The television scene

Laura Fraser loves her role on ‘Breaking Bad’

 
 
Laura Fraser
Laura Fraser
Corey Nickols

If she wanted to, Laura Fraser could tell you exactly how the AMC series Breaking Bad will end. But she doesn’t.

“I’m under penalty of death,” the Scottish actress jokes about the show, which begins its final season at 9 p.m. Sunday. “I tell people, ‘It’s like the Official Secrets Act. I cannot betray my country.”

Truth is, most fans of the electrifying series about two meth dealers in New Mexico — played by Emmy winners Bryan Cranston and Aaron Paul — don’t really want the ending spoiled, Fraser has discovered. “People ask, but then say very quickly ‘Don’t tell me!’ ”
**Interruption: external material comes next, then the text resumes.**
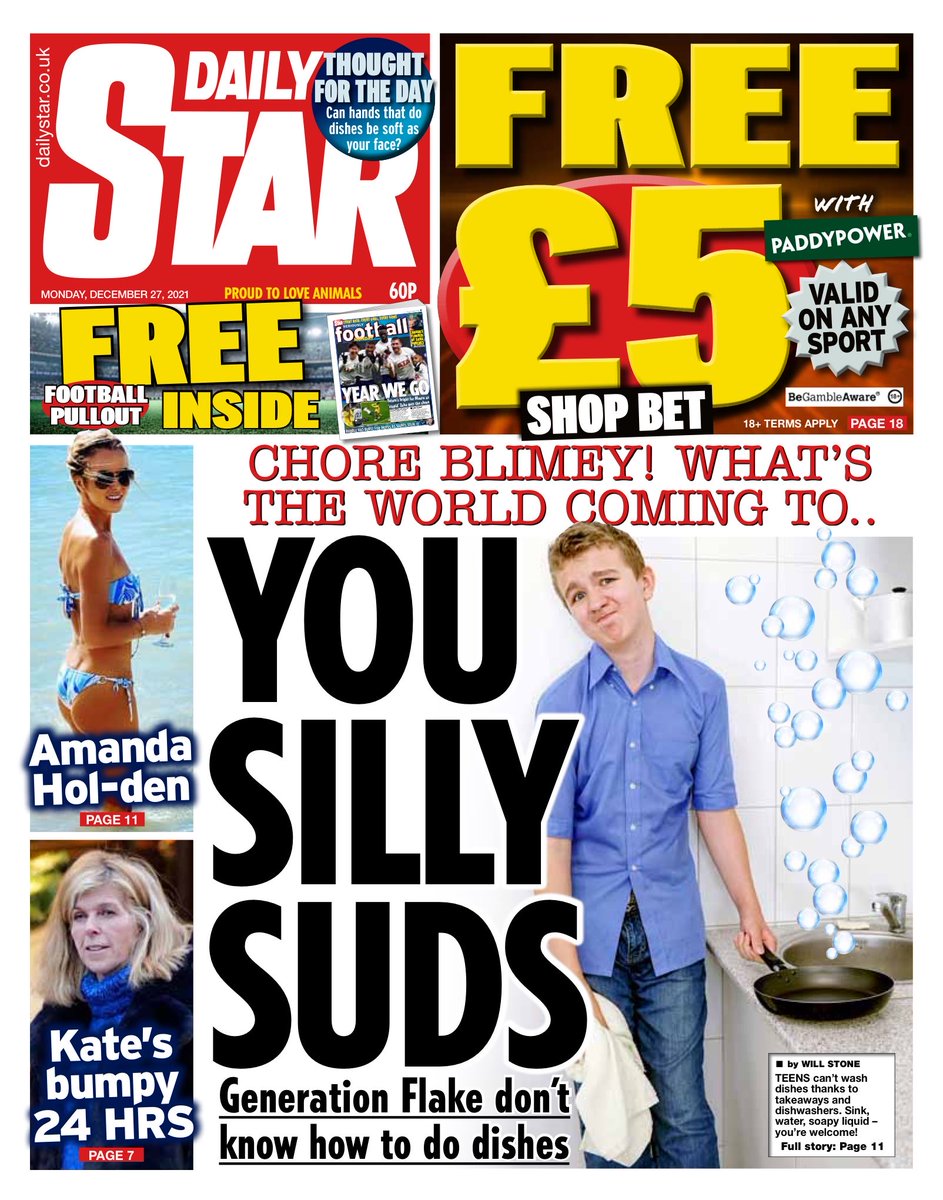 Teenagers do not know how to wash up, according to the Daily Star’s front page.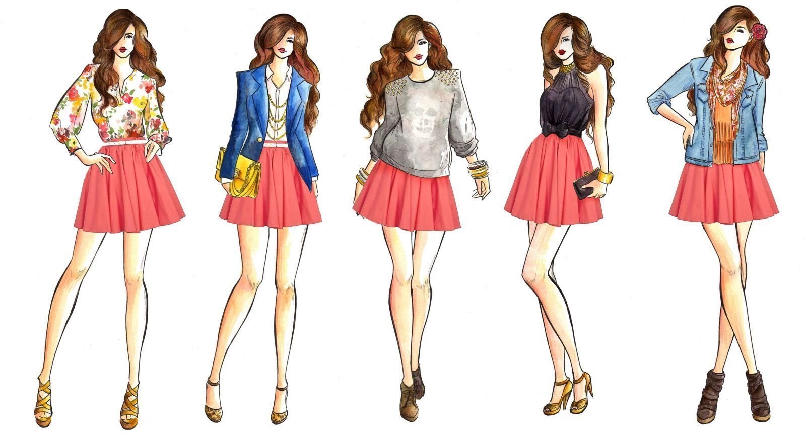 ![Модные иллюстрации одежды]()

Fraser, 37, joined the cast last season as the brittle, nervous but highly dangerous Lydia Rodarte-Quayle of the conglomerate Madrigal Electromotive (its interests include industrial equipment, manufacturing and drug distribution). Lydia may seem borderline hysterical and out of her league in this risky business, but she isn’t afraid to order a hit on anyone who poses a threat.

“She’s such a massive contradiction, so incredibly complicated,” marvels Fraser, whose bubbly warmth is light years from Lydia’s tightly wound persona. “I see her as a sheep in armor. She’s very, very frightened. She’s had a horrible childhood, and she’s under this illusion that if she creates power and control and money and builds up walls around her and her daughter, she will be safe. But she makes reckless choices. She’s terrified making them and carrying them out. I love that she’s incredibly cheeky. Even when she’s backed into a corner, she’ll ask for something extra.”

Fraser got the role via video audition; she didn’t meet creator Vince Gilligan until filming the upcoming season, she says. She hadn’t seen the show and at first decided against watching it: “I thought it will be intimidating, I don’t want to recognize all these faces. I want to see them as new faces.”

Co-star Jonathan Banks, who was nominated for a Best Supporting Actor Emmy this year as laconic enforcer Mike Ehrmantraut, had other ideas.

When she confessed she hadn’t seen the earlier seasons, Banks said, “ ‘What do you mean you haven’t watched it! Watch it and come back to me!’ ” Fraser reports, laughing. “He was fed up with explaining relationships and situations to me. So I ended up binge watching it.”

Joining a cast that has solidified over four years wasn’t easy — “It’s like going to a party where everybody knows each other; you feel like the new kid at school,” Fraser says — but Banks helped her assimilate.

“I just adored working with him,” Fraser says. “He’s such a sweetheart. . . . I met him a few sentences before our first scene together in the diner. So he’s always that character to me in a small way. . . . I got over my nerves eventually, but I used them for Lydia. So in a way it was a good thing.”

Fraser has worked with other memorable stars: In 2001 she co-starred with the late Heath Ledger in the rollicking A Knight’s Tale.

“We were there for 51/2 months in Prague,” she recalls. “It was most peoples’ first time in eastern Europe. Heath had just become a star . ... He was just a sweet guy and really had a lot of innocence about him. The whole experience was one of those fantastic jobs. The sets were amazing. You’d go and watch some kind of stunt, something crazy on a horse. We were all so young, in our 20s. We thought it was always going to be like that.”

As for Lydia’s role in the upcoming season? “I feel like last season, she was thrown into these situations and made the best of them,” Fraser says carefully. “As we go into this season, she’s kind of making a choice to be where she is, more of a personal choice.”

As for what’s up next, Fraser, who lives in upstate New York with her husband and daughter, isn’t sure, although she’s enjoying a vacation in the homeland this summer.

“I’m kind of slacking in Scotland,” she admits. “I need to find a job!”